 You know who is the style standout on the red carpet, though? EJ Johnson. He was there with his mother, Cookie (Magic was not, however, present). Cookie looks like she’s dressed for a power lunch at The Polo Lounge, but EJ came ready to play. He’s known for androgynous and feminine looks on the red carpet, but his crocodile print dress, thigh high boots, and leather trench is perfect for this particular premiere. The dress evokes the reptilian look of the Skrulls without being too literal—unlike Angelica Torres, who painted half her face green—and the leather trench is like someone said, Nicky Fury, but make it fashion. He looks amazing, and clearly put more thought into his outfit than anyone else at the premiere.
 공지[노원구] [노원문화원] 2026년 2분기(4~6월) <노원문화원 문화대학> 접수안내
---
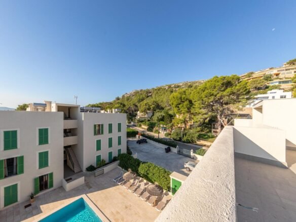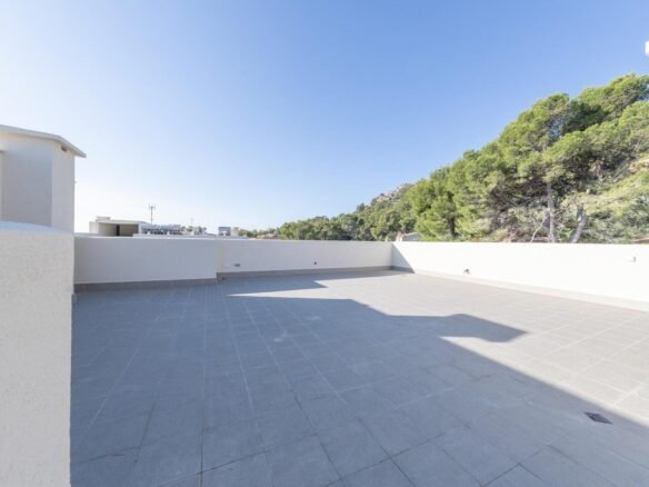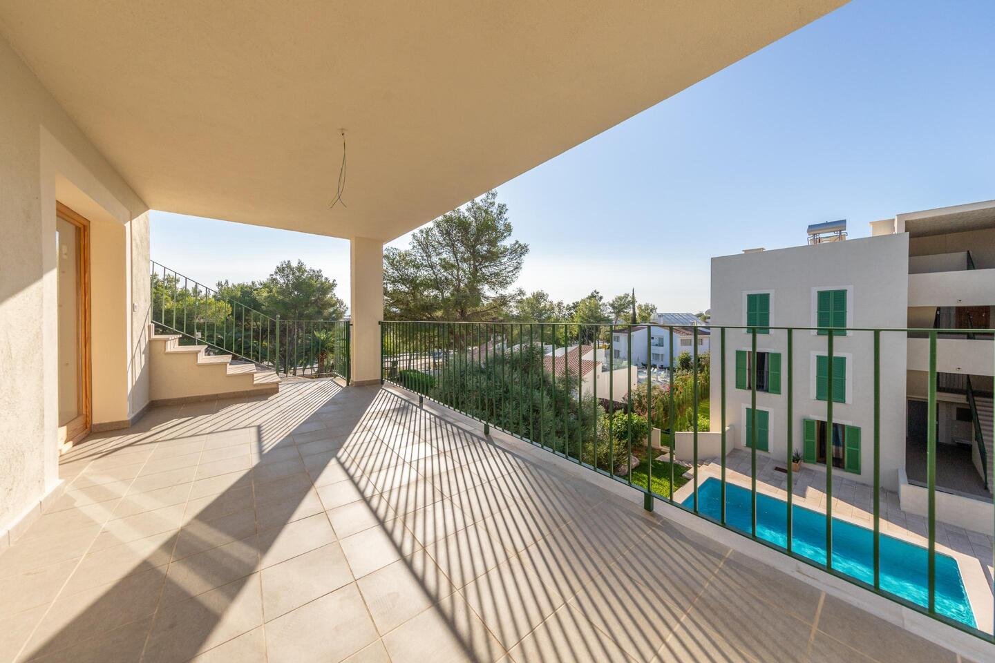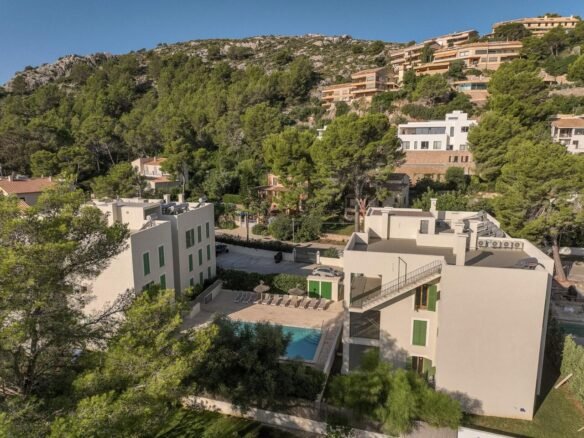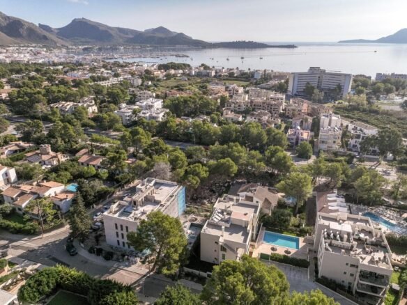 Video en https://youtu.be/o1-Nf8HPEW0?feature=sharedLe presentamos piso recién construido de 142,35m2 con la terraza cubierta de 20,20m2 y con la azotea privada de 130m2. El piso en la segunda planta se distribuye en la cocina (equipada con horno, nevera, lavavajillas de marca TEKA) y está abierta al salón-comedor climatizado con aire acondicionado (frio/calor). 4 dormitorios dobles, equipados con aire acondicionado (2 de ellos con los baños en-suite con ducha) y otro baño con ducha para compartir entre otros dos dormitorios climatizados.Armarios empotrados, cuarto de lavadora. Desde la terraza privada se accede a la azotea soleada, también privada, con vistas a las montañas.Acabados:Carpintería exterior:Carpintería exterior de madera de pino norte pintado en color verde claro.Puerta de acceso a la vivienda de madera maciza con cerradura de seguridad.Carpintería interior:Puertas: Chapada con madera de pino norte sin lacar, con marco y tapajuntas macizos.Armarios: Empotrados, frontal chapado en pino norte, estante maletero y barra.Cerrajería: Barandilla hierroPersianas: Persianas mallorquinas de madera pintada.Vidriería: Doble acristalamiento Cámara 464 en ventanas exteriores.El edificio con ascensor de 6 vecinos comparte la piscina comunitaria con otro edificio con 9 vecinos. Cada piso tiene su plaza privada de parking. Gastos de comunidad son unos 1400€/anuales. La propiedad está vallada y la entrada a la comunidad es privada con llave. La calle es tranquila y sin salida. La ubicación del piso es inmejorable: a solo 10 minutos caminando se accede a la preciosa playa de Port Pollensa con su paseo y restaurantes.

Work to be completed - The lines above from the one with "You know who" through the one with "공지[노원구] [노원문화원] 2026년" are to be duplicated exactly, ends included, with nothing added.

Reply to the exercise -
 You know who is the style standout on the red carpet, though? EJ Johnson. He was there with his mother, Cookie (Magic was not, however, present). Cookie looks like she’s dressed for a power lunch at The Polo Lounge, but EJ came ready to play. He’s known for androgynous and feminine looks on the red carpet, but his crocodile print dress, thigh high boots, and leather trench is perfect for this particular premiere. The dress evokes the reptilian look of the Skrulls without being too literal—unlike Angelica Torres, who painted half her face green—and the leather trench is like someone said, Nicky Fury, but make it fashion. He looks amazing, and clearly put more thought into his outfit than anyone else at the premiere.
 공지[노원구] [노원문화원] 2026년 2분기(4~6월) <노원문화원 문화대학> 접수안내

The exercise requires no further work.